Dataset records ->
━━━━━━

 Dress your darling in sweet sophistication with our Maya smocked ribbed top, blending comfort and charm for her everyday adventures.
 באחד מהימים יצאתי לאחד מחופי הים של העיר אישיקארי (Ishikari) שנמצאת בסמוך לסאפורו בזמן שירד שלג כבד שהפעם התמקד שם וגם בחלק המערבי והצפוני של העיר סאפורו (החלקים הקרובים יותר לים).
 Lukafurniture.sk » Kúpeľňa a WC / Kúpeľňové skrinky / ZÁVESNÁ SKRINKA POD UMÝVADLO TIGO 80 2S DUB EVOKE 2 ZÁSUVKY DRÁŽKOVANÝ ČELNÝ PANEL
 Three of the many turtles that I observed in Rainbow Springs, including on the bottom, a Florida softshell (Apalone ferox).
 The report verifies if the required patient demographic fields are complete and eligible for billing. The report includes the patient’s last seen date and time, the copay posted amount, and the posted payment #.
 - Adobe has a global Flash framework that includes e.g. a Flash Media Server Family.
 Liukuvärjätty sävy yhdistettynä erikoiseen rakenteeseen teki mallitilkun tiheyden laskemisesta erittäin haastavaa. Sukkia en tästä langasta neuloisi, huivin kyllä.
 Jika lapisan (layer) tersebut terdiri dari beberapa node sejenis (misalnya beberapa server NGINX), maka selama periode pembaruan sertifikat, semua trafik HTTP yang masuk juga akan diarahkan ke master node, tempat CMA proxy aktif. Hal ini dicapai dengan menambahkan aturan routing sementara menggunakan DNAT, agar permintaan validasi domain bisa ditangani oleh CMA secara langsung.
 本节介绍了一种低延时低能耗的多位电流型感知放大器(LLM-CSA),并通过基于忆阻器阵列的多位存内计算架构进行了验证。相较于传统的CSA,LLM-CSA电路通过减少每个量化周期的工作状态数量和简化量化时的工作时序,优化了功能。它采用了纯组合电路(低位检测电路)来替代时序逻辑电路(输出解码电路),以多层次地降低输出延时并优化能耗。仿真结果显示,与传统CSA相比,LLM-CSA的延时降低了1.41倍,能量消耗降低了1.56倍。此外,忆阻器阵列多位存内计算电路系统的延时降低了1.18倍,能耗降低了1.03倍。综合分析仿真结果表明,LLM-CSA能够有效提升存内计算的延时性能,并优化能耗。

━━━━━━

Exercise objective -> Return the line that contains "Jika lapisan (layer)", along with every line after it in the data above, exactly and with nothing else.

Response box ->
 Jika lapisan (layer) tersebut terdiri dari beberapa node sejenis (misalnya beberapa server NGINX), maka selama periode pembaruan sertifikat, semua trafik HTTP yang masuk juga akan diarahkan ke master node, tempat CMA proxy aktif. Hal ini dicapai dengan menambahkan aturan routing sementara menggunakan DNAT, agar permintaan validasi domain bisa ditangani oleh CMA secara langsung.
 本节介绍了一种低延时低能耗的多位电流型感知放大器(LLM-CSA),并通过基于忆阻器阵列的多位存内计算架构进行了验证。相较于传统的CSA,LLM-CSA电路通过减少每个量化周期的工作状态数量和简化量化时的工作时序,优化了功能。它采用了纯组合电路(低位检测电路)来替代时序逻辑电路(输出解码电路),以多层次地降低输出延时并优化能耗。仿真结果显示,与传统CSA相比,LLM-CSA的延时降低了1.41倍,能量消耗降低了1.56倍。此外,忆阻器阵列多位存内计算电路系统的延时降低了1.18倍,能耗降低了1.03倍。综合分析仿真结果表明,LLM-CSA能够有效提升存内计算的延时性能,并优化能耗。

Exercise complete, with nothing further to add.